Angelo Paparelli was featured in the July 15, 2009 issue of The National Law Journal in the Q & A, "Immigration Initiative Raises Compliance Stakes." The article discussed the recent announcement by U.S. Immigration and Customs Enforcement (ICE) of a new audit initiative to ramp up employment document inspections and how it is raising the compliance stakes for companies with immigrant employees.
According to the article, ICE issued 652 inspection notices on July 1, compared with 503 for all of fiscal year 2008. The article also noted that the ICE audit push comes amid debate over the E-Verify rule, which would require federal contractors to use a government database to certify workers' immigration status. Angelo commented on what companies should do during, or even before, an audit of Forms I-9 (Employment Eligibility Verifications) and the legal pitfalls to avoid during compliance.

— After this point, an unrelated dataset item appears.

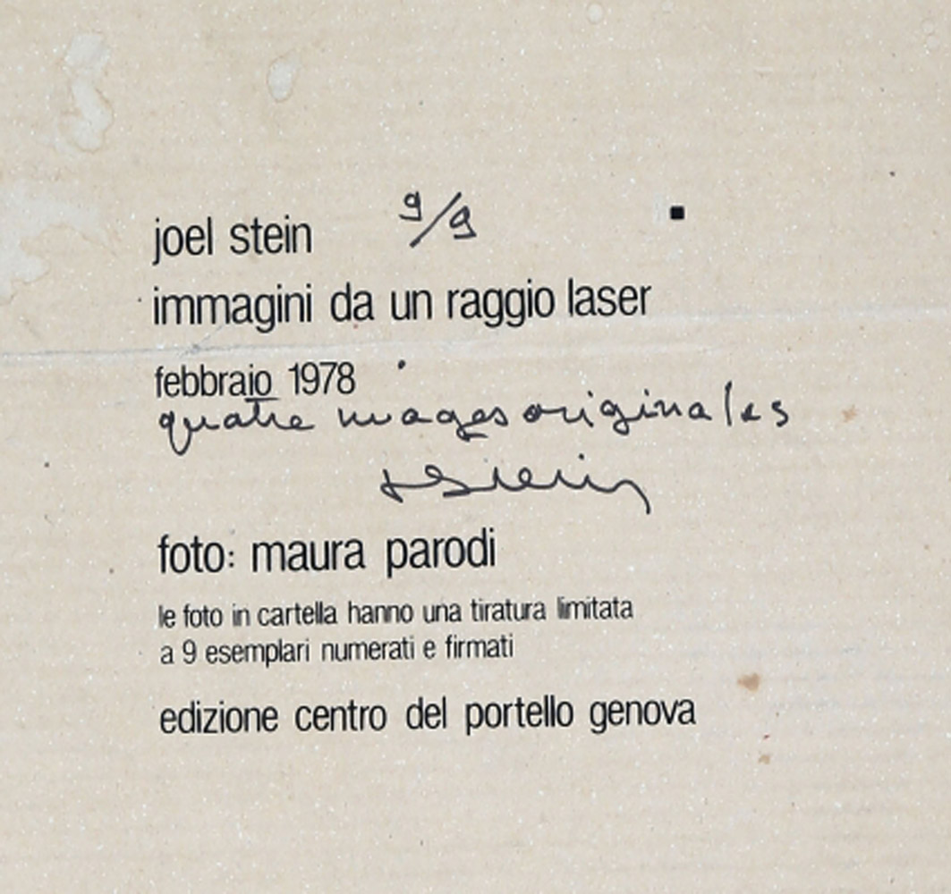 JOEL STEIN 1926 – 2012 Immagine da un raggio laser, 1978 Cartella 4 fotografie in b/n, cm. 54,5 x 45 (cad.) Cartella n. 9/9 Edizione Centro del Portello, Genova Prov. Collezione Privata

Asked whether companies can slow down or control the audit process, Angelo noted, "In my experience, if there are good reasons, the government is willing to grant a postponement for a reasonable period. There's also a regulation that allows employers to meet ICE officials at a different location than their business…. Ultimately, an [ICE administrative subpoena] has to be enforced by a judicial order. A client who perceives that [an ICE demand for documents] is overbroad can go into federal court. Employers should be careful that government exuberance doesn't lead to the voluntary turnover of documents the government shouldn't be requesting. Companies should also make a complete copy and make sure they get an itemized receipt for everything they turn over to the government. [Without those], it becomes very difficult to establish compliance if the government makes a finding of violation and you want to challenge it."
Angelo also commented on what companies can do to prepare for a potential audit. He explained, "There's a statute of limitations on I-9 enforcement, which says that after five years, the government cannot impose a paperwork fine. But five years from what date is the question. If the employer never did an I-9, it's five years from the date of hire. If it's incomplete, the five years begins to run only from the date of correction to make it complete. That's why it's highly important that employers take a look now to make whatever corrections can be made. At least the clock on limitations can begin to run. The other thing is, employers have the right to throw away I-9s [after a period of time] under a so-called retention rule."
Further, Angelo observed that there are legal pitfalls that employers should look out for during compliance. For instance, Angelo pointed out that "There's a risk that the employer could go overboard and terminate people in a manner that creates liability under state and federal employment laws. Say you terminate someone, but the day before, they made an allegation of an environmental violation at the company. Merely to comply with immigration law does not immunize the employer for liability for a wrongful discharge claim or violation of a union contract."
Angelo concluded that if the government finds a violation or assesses a fine and the employer wants to appeal, "There's a lot of negative case law that all employers must deal with in order to litigate an appeal in front of administrative law judges or in front of the courts. They have to be able to distinguish their case from the negative case law that was created between 1986 [when the documentation law took effect] and 2000. During those years, the government mostly pounced on small companies and individual employers who did not have the resources to defend themselves.”